Шукшин воспроизводит радикальную смену культурных ориентиров: крестьянская культура ориентируется на возделывание телесности, материальности (конь), персональное искусство, направленное на нематериальные ценности, порождает другой способ существования — действование без делания. Негативная народная оценка «артистической» среды (когда сын захотел стать артистом, Кондрат определяет артистов как алкоголиков и трепачей) может стать более снисходительной, но не менее уничижительной (Кондрат доволен, «оглушительно смеётся», когда сын изобразил его походку, но подражания жизни не принимается серьёзным занятием). Смысла искусства, отделённого от жизни, Кондрат не понимает не только потому, что искусство непрактично, но и потому, что жизнь «артиста», а не деятеля, неорганична, неестественна: «Тоскливо небось так жить? Другой раз с девушкой бы прошёлся, а тут книжки читать надо» [2. Т. 2. С. 179]. Антагонист героя-демиурга, сын, персонаж, близкий автору биографически и ментально (учась на артиста, намерен написать свою пьесу о колхозной жизни), пытается сформулировать миссию искусства не как увеселение, а как понимание, которого нет в реальности даже у кровно связанных людей (сына и отца). Искусство — не подражание, а открытие внутренней сущности человека: «донести характер, душу», «чтобы в том человеке, который в конце концов получается, были и я и ты... Тогда я художник» [2. Т. 2. С. 180]. Позднее, в статье «Вопросы самому себе», Шукшин напишет о способности искусства, говоря о другом, побуждать не к подражанию, а к самопознанию: «Если ты посмотрел умный фильм, где радуются, горюют, любят, страдают, обманываются, обретают себя живые люди, значит, тебе предложили подумать о себе самом» [1. С. 37].
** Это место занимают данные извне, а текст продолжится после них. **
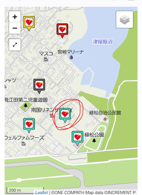 日本救急医療財団全国AEDマップの地図上にも載ってます!
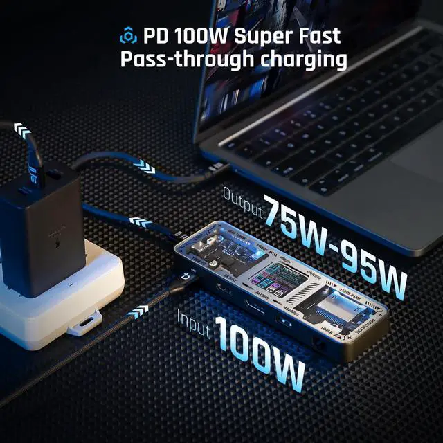 Ports Expansion: Equipped with a USB-C 100W Power Delivery input port, an HDMI port, a DisplayPort, 1 USB-C and 1 USB-A 10Gbps data port, 2 USB-A 2.0 ports, 1 Ethernet port, an SD card slot, and a microSD card slot ^^

Однако познание человеческой души отделяет от материальной реальности, делает относительными критерии красоты: для Миньки «образцовый жеребец» красив безотносительно к пользе, он не чувствует подменности красоты; зато имитационно и бессмысленно для него массовое деревенское искусство (он не спрашивает у отца, гуляют ли с гармошкой: «Да и спрашивать нечего — гуляют. Как это далеко!» [2. Т. 2. С. 183]). Готовящий себя к жизни в искусстве, герой рассказа осознаёт и потребность в неспециальной, естественной, непрофессиональной красоте материального мира: при воспоминании, как Буян носится в косяке, «расхотелось говорить об искусстве не думалось о славной, нарядной судьбе артиста» [2. Т. 2. С. 181]. В финале подсознание (сон) возвращает будущему артисту первенство и значимость подлинности, делает сомнительными претензии искусства выразить душу человека: «И опять, в который раз, увидел: степь и табун лошадей несётся по степи... <...> И слышал, как в соседней комнате играет радиола. И ему снилось, что тот самый служитель с выставки стоит над ним и хохочет громко и глупо» [2. Т. 2. С. 185].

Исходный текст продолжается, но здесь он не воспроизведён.